The Ontario Court of Appeal's decision on Wednesday about whether or not to keep a patient on life support did not resolve the conundrums involved - and could not have done so. Only legislative change can help to alleviate such conflicts between families and doctors, without giving either side unilateral power over life-and-death questions.
In October, 2010, Hassan Rasouli suffered severe brain damage after tumour-removal surgery. He has been on a ventilator at Sunnybrook Hospital in Toronto ever since. His doctors see no medical purpose in keeping him on life support, and propose shifting him to palliative care; his family disagrees with them.
This dispute went to the Superior Court of Ontario, where Madam Justice Susan Himel decided in favour of the Rasouli family's request for a hearing by a tribunal called the Consent and Capacity Board - the bulk of the business of which concerns the mentally ill, not the dying.
The judge relied on the provincial Health Care Consent Act, which defines "treatment" to include "the withholding or withdrawal of treatment," so that the consent of Mr. Rasouli's wife, Parichehr Salasel, as his representative, would be needed to take him off the ventilator - to end that treatment.
Madam Justice Himel herself remarked on the circularity of the definition. It is an unsatisfyingly technical basis for a decision, and does not follow from any discernible principle or policy. In its turn, the Court of Appeal gallantly wrestled with the same point, which it ingeniously got around by saying that in this case the life support and the doctors' proposed palliative care added up to one integrated "treatment package," which required Ms. Salasel's consent.
Consent to treatment is a highly artificial principle to apply to these situations. Unless a no longer conscious patient has left very clear and detailed instructions in anticipation of a whole range of circumstances, the patient's supposed wishes must indeed be important, but not an all-powerful criterion.
It seems irrational to compel doctors to treat, in particular, to make them continue a treatment that they believe to be of no medical value. On the other hand, given the constant pressure on the health-care system, there is some risk that doctors could become biased by their views on how to allocate limited resources, even in matters of life and death.
An either/or choice between a family's and a doctor's opinions cannot wholly be avoided, but it can at least be mitigated.

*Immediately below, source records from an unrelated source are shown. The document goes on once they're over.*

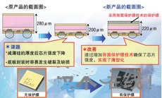 后者的封裝采用了兩項(xiàng)扁平化技術(shù)。一是改變了焊錫球的形狀。從原來(lái)的球狀改為了半球狀,高度降低了120μm。第二項(xiàng)是封裝背面的保護(hù)膜技術(shù)。將Si部分的高度比原產(chǎn)品降低80μm,并為確保強(qiáng)度而在背面粘貼了20μm的保護(hù)膜。這減少了60μm的高度。兩項(xiàng)技術(shù)加起來(lái),此次將高度從已有的EFC4601R的550μm降低了33%至370μm。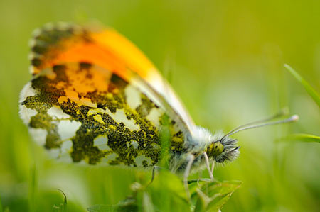 Lors de vos escapades en forêts ce mois-ci, tentez d’observer l’aurore. Ce petit papillon de toute beauté évolue dans la France entière jusqu’à 2200 mètres d’altitude. Il tient son nom des couleurs dorées de la lumière de l’aube. C’est en effet d’orange qu’est tacheté le haut des ailes des mâles. Si la femelle n’arbore pas ce signe distinctif, les deux sexes sont marqués de rayures verdâtres irrégulières qui recouvrent partiellement le fond blanc des ailes. Côté taille, il peut mesurer jusqu' 4 cm.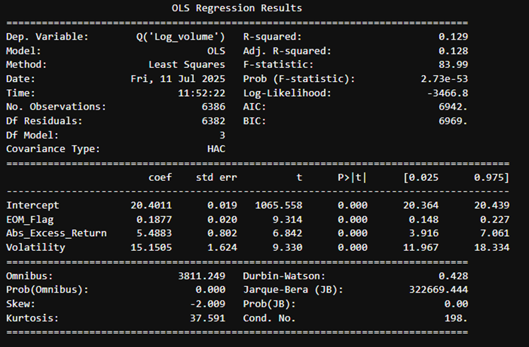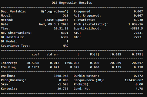 We introduced a binary indicator variable—set to 1 if the data point corresponds to an EOM day, and 0 otherwise. We then ran a simple regression model:
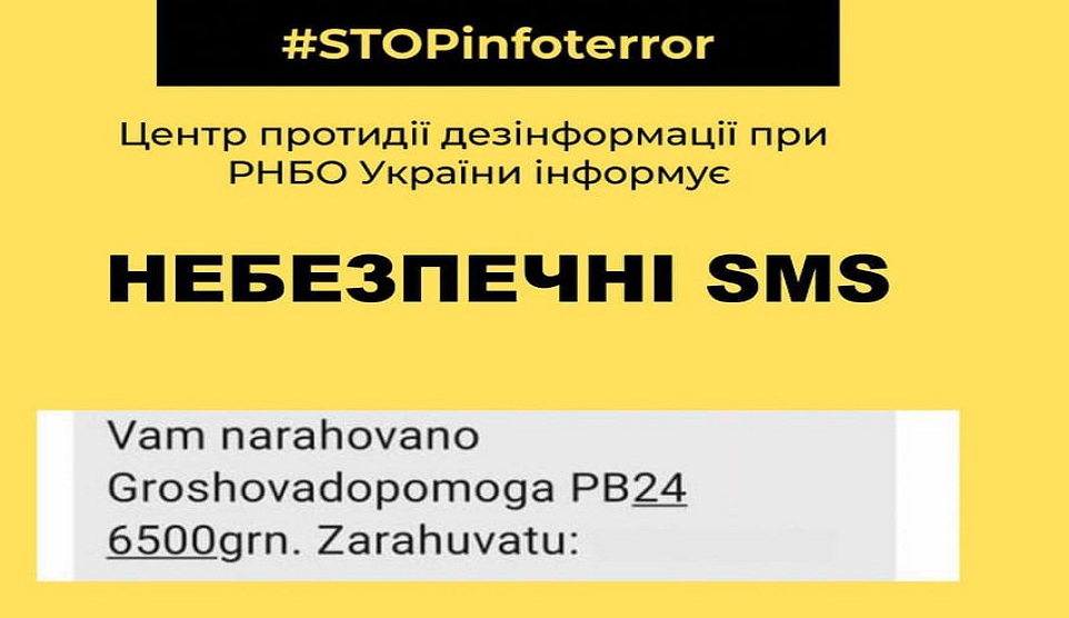 Центр протидії дезінформації при РНБО України попереджає про черговий різновид інтернет-шахрайств: SMS-розсилка на телефон із повідомленням про нарахування грошей Українцям почало надходити повідомлення на...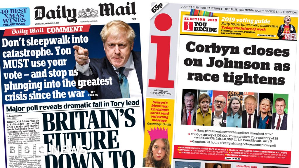 "Corbyn closes on Johnson as race tightens" declares the i newspaper, which in common with the Times says the prime minister can't be sure of securing a Commons majority.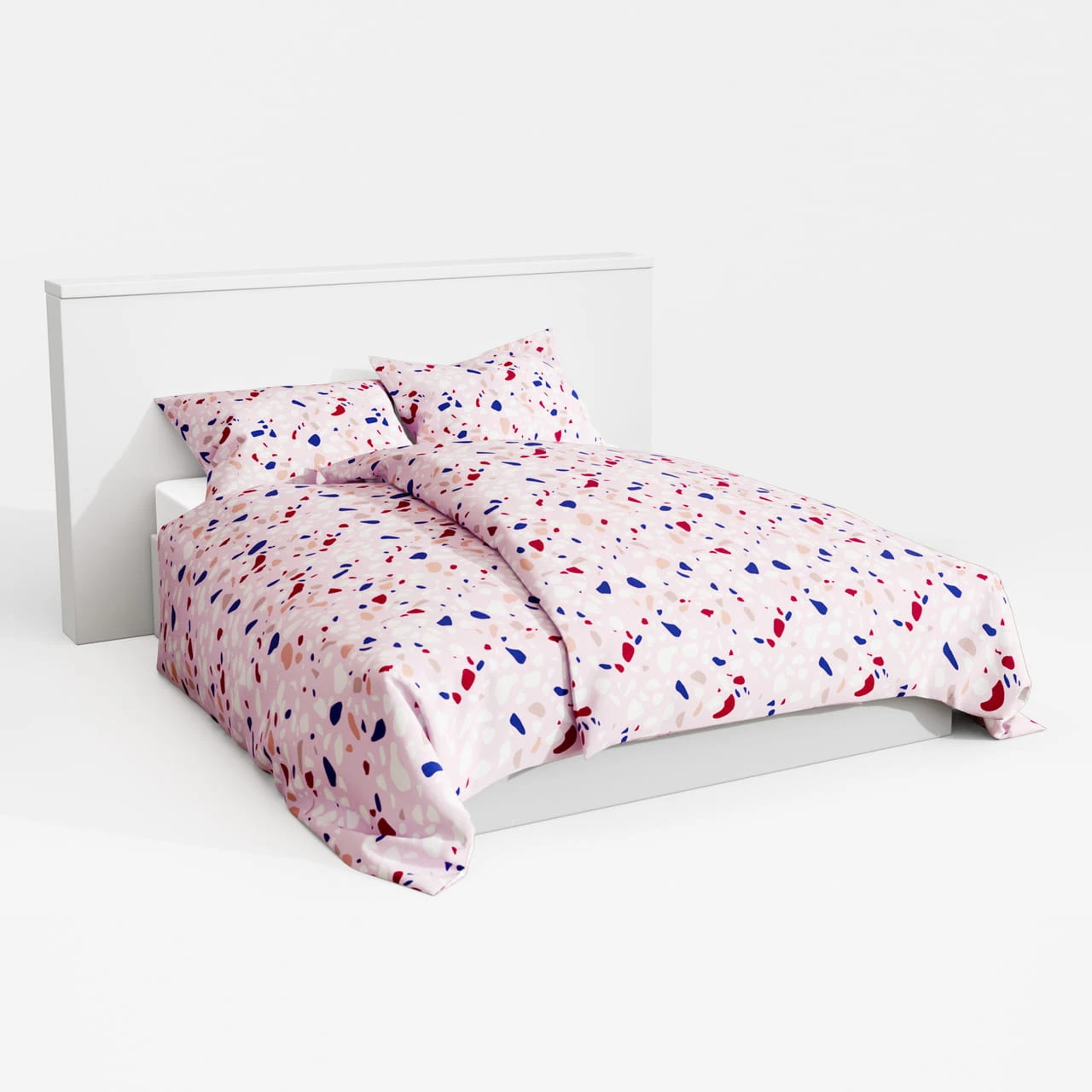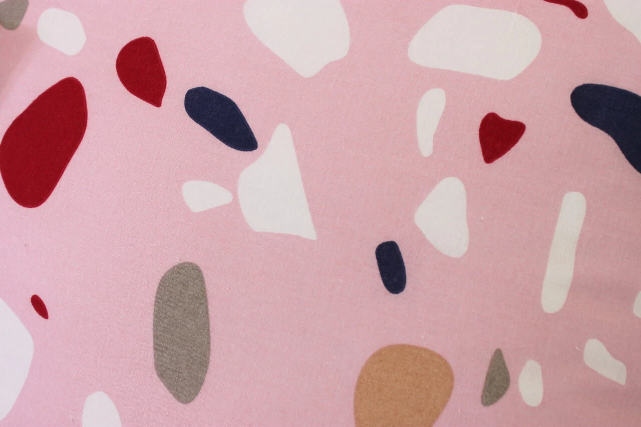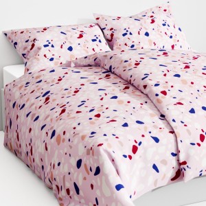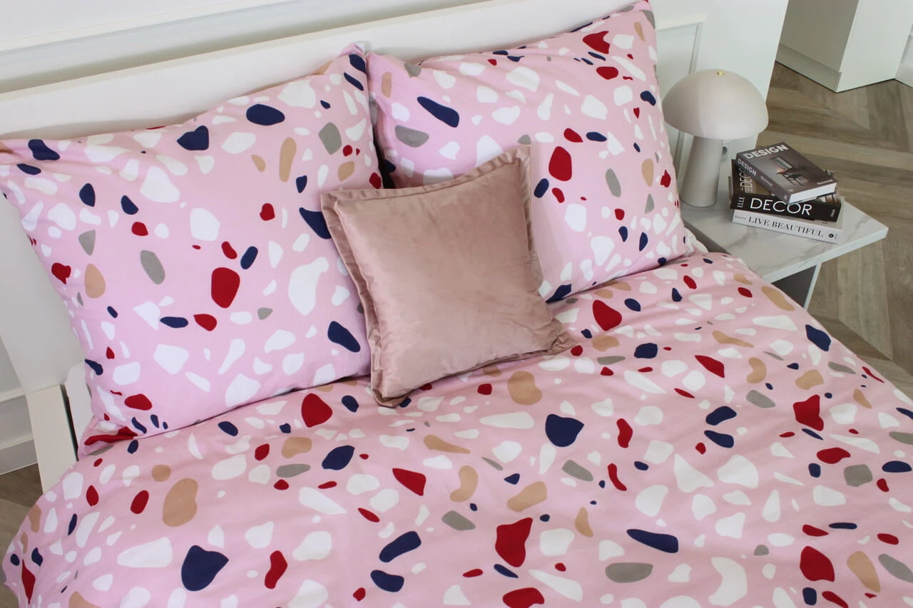Pościel wyróżnia się wielokolorowym wzorem, który nawiązuje do popularnych płytek lastrykowych w eleganckim zestawieniu z różowym tłem. Tkanina została wykonana w 100% z bawełny, co zapewnia komfort użytkowania i naturalny charakter produktu.

As things stand, physicians do not simply have unilateral power to withdraw treatment. Hospitals, and ultimately self-regulatory bodies such as the College of Physicians and Surgeons in Ontario, have criteria about whether there is any medical benefit to continuing the treatment of a presumably dying person. Those criteria help establish a standard of care.

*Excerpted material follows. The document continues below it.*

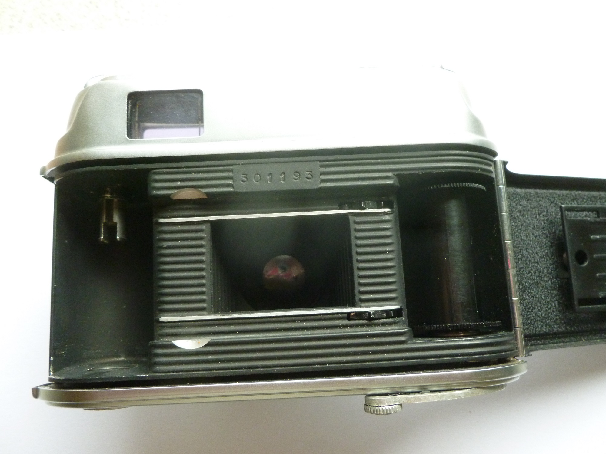 Typ: 35 mm Rollfilmkamera/Sucherkamera Sucher: Leuchtrahmen 13 x 19 mm Schnellschalthebel am Boden Filmzählwerk am Boden Schnellschalthebel und Auslöser nicht beledert Entsperrknopf zum zurückspulen Objektiv: Isco ARETAR 1:2,8 x 45 Beschriftung in mtr. und feet Verschluss: Vario B 25 50 200 kein Selbstauslöser Filmtransport: 2 Stachelwalzen seitlich Aufwickelspule: 23 mm Nr. des Gehäuses 301193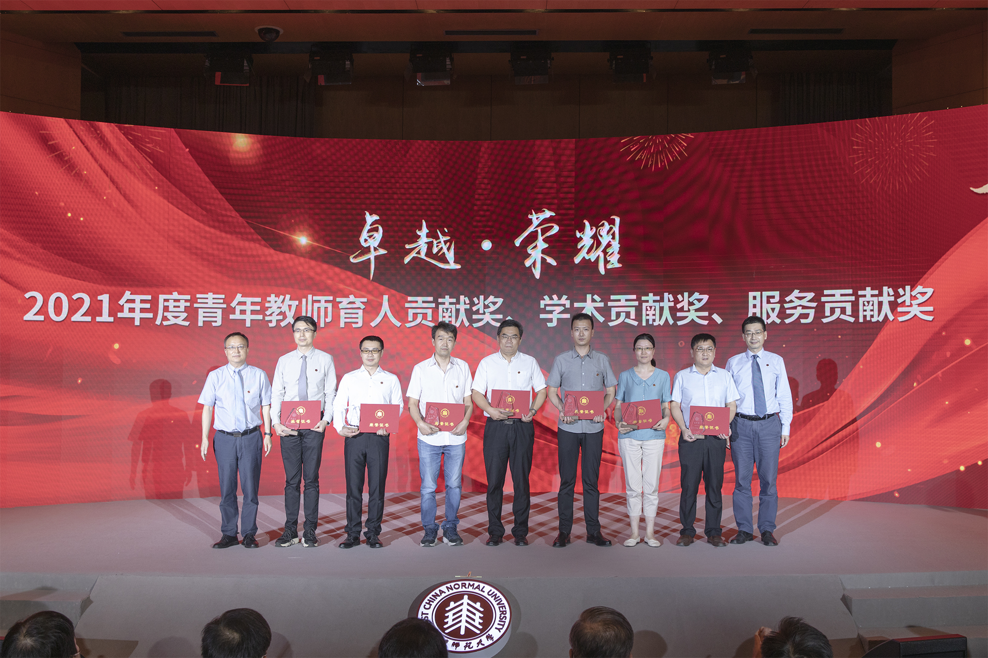 在全场热烈的掌声中,校领导梅兵、钱旭红、朱民、杨昌利、曹友谊、戴立益、雷启立、顾红亮分别为学校2021年度育人贡献奖、学术贡献奖、服务贡献奖获得者,第十三届师德标兵荣誉称号获得者,满30年教育工作龄的教师颁发证书、奖杯,今年新入职的教师代表向受表彰的教师献花致敬。

As a matter of common law, the family can go to the court alleging that the physician has failed to exercise the requisite standard of care - much as in any medical negligence case. Doctors need to be held to that standard, in the light of the best available medical knowledge and their profession's criteria.
Still, court proceedings are complex, formal and expensive.
The Consent and Capacity Board of Ontario can provide a faster, simpler review hearing than a superior court can give. But as the board is now constituted, neither its mandate nor its membership enables it to adequately consider the issues in cases such as Mr. Rasouli's. As its name signifies, it is mainly concerned with consent, and someone's mental ability to give (or refuse) consent to treatment.
One-third of the board's members are lawyers (or retired judges), one-third psychiatrists, and one-third come from the general public. There is no provision for physicians other than psychiatrists.
The Health Care Consent Act should be substantially revamped to make it part of the board's job to consider whether continuing treatment of patients on life support provides any medical benefit, that is, whether the physicians have complied with their standard of care.
Moreover, doctors primarily concerned with bodies, rather than with minds and souls, should have input, not only as witnesses, but as adjudicators, too. This should not, however, abolish ultimate recourse to the courts.
Any such legislative change will not come in time for Mr. Rasouli, though his case may yet go to the Supreme Court of Canada, where the judges are comparatively comfortable with policy and with broad principles.
There will be no panacea to solve disputes between doctors and families in end-of-life situations. But a law that articulated the principles to be applied and balanced would be real progress from the present yawning gap.